The MacKintosh and Sakamoto teams define a key step in insulin control of blood sugar

The MacKintosh and Sakamoto teams define a key step in insulin control of blood sugar
The MacKintosh and Sakamoto teams define a key step in insulin control of blood sugar

Glucose sugar surges into our bloodstream after a meal, and is directed to enter muscle and fat cells under control of the hormone insulin. Understanding how insulin controls glucose distribution is of enormous practical significance because an increasing worldwide epidemic of people are developing sluggish responses to insulin -- a condition called 'insulin resistance' that is a hallmark of type 2 diabetes.

A few years ago, Shuai Chen and Kathryn Geraghty in Carol MacKintosh's group as well as David James' group at the Garvan Institute in Sydney, found that insulin triggers a protein named AS160 (Akt substrate 160kDa) to be captured by C-shaped proteins named 14-3-3s inside muscle and fat cells [PMID: 17617058]. Suspecting AS160 to be involved in insulin control of glucose metabolism, Carol and Shuai teamed up with Kei Sakamoto, a Programme Leader in the Unit who has set up a state-of-the-art Molecular Physiology Laboratory.
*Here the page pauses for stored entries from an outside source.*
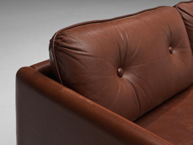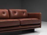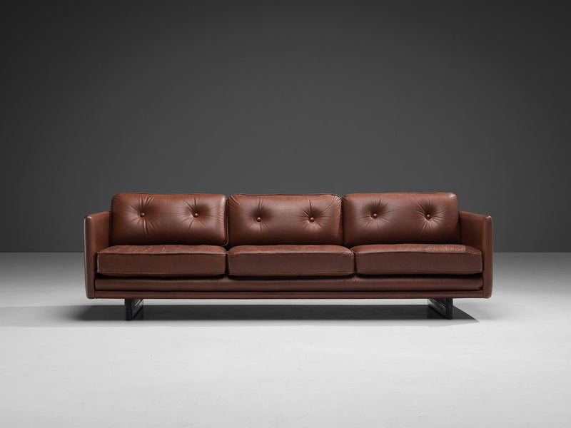 This comfortable three seater sofa holds a robust, sturdy character. The solid sled base is made of black lacquered oak. The sofa itself is executed in a thick, high-quality chestnut brown leather. The tufted cushions contribute to the elegant design of this Scandinavian sofa.
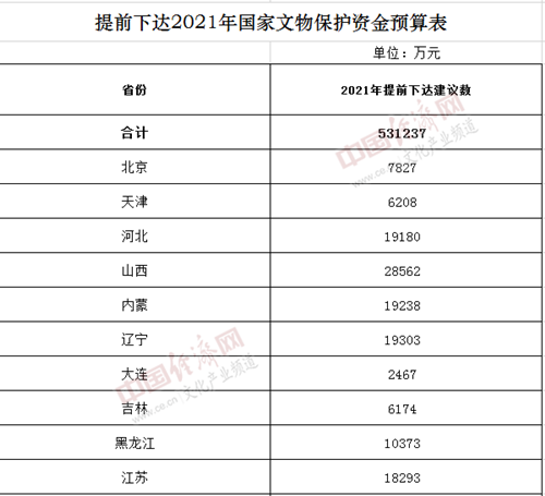 附件:提前下達2021年國家文物保護資金預算表
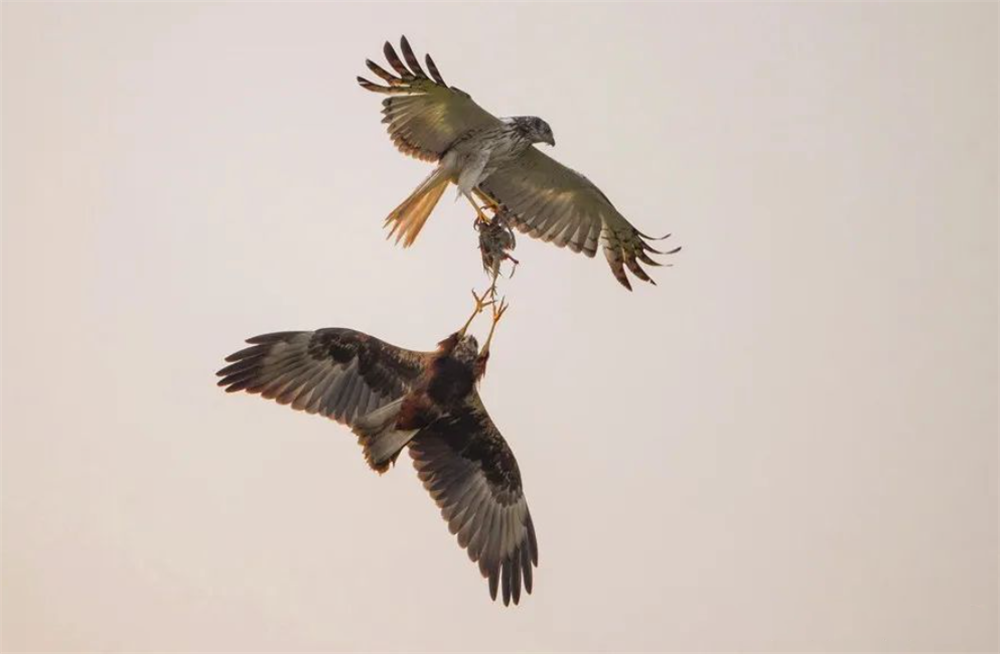 每年的4-6月是白腹鹞的繁殖季,成年的白腹鹞雄鸟,会在空中表演飞行技巧,向雌鸟求偶。如果雌鸟看上了雄鸟,会与雄鸟在空中盘旋,互相追逐,一起去捕猎。
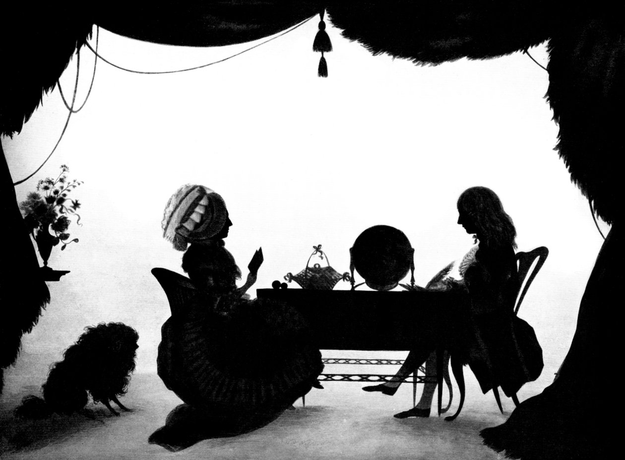 silhouette · animal · england · female · women · woman · people · male · sitting · arts · country · clothes · british · english · profile · dress · table · location · britain · furniture · lady · seated · monochrome · poodle · black white · black and white · bw · portrait · unknown · torond · torond · The Print Collector/Heritage Images |
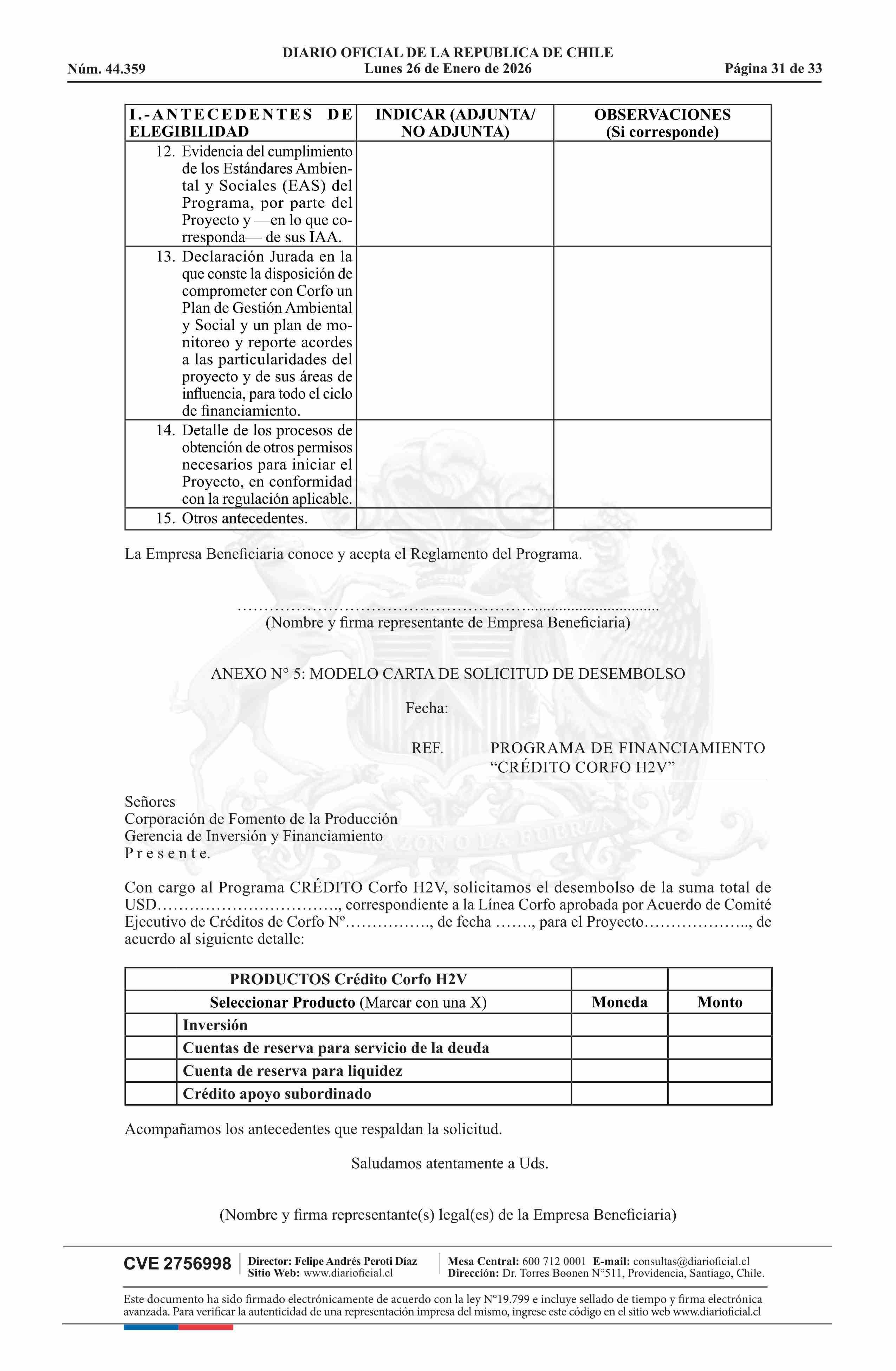 Resolución número 71, de 2025.- Ejecuta Acuerdo N° 29.467, del Comité Ejecutivo de Créditos de Corfo, adoptado en Sesión N° 10-2025, que aprueba la creación del programa denominado Programa Crédito Corfo H2V y aprueba reglamento de dicho programa
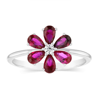 Sterling Silver Rhodium Plated Red Cubic Zirconia Flower Ring
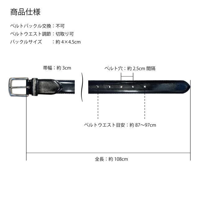 ベルト メンズ 本革 牛革 日本製 005 アドバンガラスレザー 長沢ベルト工業 ネイビー
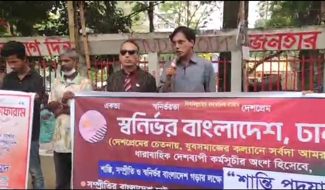 বৃহস্পতিবার ১৬ এপ্রিল বিকালে ঢাকা জাতীয় প্রেসক্লাবের সামনে স্বনির্ভর বাংলাদেশ একটি মানববন্ধন করেন।
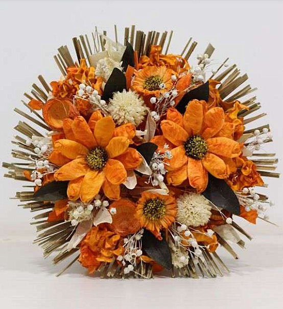 Kuvankaltainen trendikäs kuivakukkakimppu. Korkeus n. 27 cm, halkaisija 30 cm.
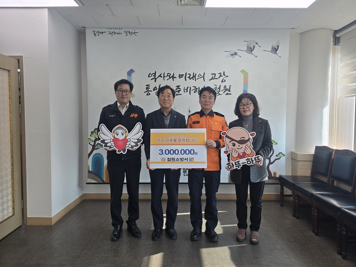 [스포츠서울ㅣ김기원기자]강원특별자치도 철원소방서(서장 최임수)는 2026년 설 명절을 맞아 2일 철원군청에서 생활 형편이 어려운 이웃들이 따뜻한 명절을 보낼 수 있도록 이웃돕기 성금 300만원을 이현종 철원군수에게 전달했다.
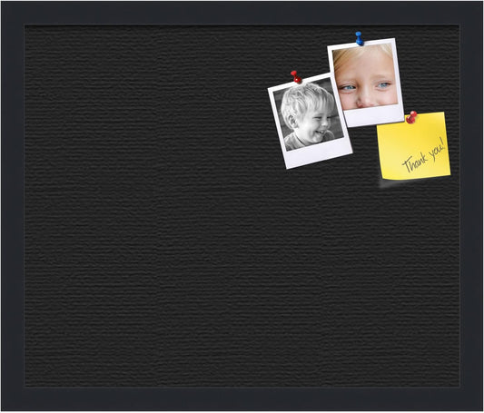 PinPix 23x17 Inch Cork Bulletin Board. This Decorative Framed Pin Board Comes with Solid Black Design and a Satin Black Frame. Ideal for Home Office Decor or Message Board (PinPix-622)

Together the team discovered that mice whose AS160 is genetically mutated so that it cannot bind to 14-3-3s are markedly impaired in clearing their blood glucose into muscle in response to insulin.

The AS160-mutant mice have abnormally high amounts of a specialised glucose transporter called GLUT4 that assists glucose delivery into muscle and fat cells. But, despite having more GLUT4, the mutants do not move the GLUT4 efficiently into the correct position to let glucose into the muscle. These findings establish that AS160 plays a key role in glucose control by correctly navigating GLUT4 in response to insulin. Recent genetic studies have also identified a few people with a rare form of diabetes who have faulty AS160, and it would be very informative to characterise GLUT4 function in these people.

Just as you need to understand how engines work before you can fix a car, understanding the internal machinery of glucose control in muscle should provide new ways to improve blood glucose management in people. One idea is that a drug could be developed to mimic the function of AS160 in controlling the movement of GLUT4 inside muscles, and thereby lower blood glucose levels.

Drugs are not the only answer however. Exercise has a powerful effect in regulating blood glucose, even in people with insulin resistance. How? Here too, the team have clues. TBC1D1, which is a sister protein to AS160, also binds to 14-3-3s – but this time during exercise, and also in response to drugs that mimic some effects of exercise [PMID: 17995453]. AS160 and TBC1D1 therefore seem to be the complementary Yin and Yang of glucose control – with insulin regulating glucose levels via AS160, and exercise regulating glucose via TBC1D1. Lots of experiments are under way to test these hypotheses!

The researchers thank the Medical Research Council, Diabetes UK and Dundee and District Diabetes UK Voluntary Group for their enthusiastic support and funding. Also, David Wasserman of Vanderbilt University who contributed critical experiments to the new study, which is published in the journal 'Cell Metabolism'. [PMID: 21195350] and highlighted in the Diabetes UK website.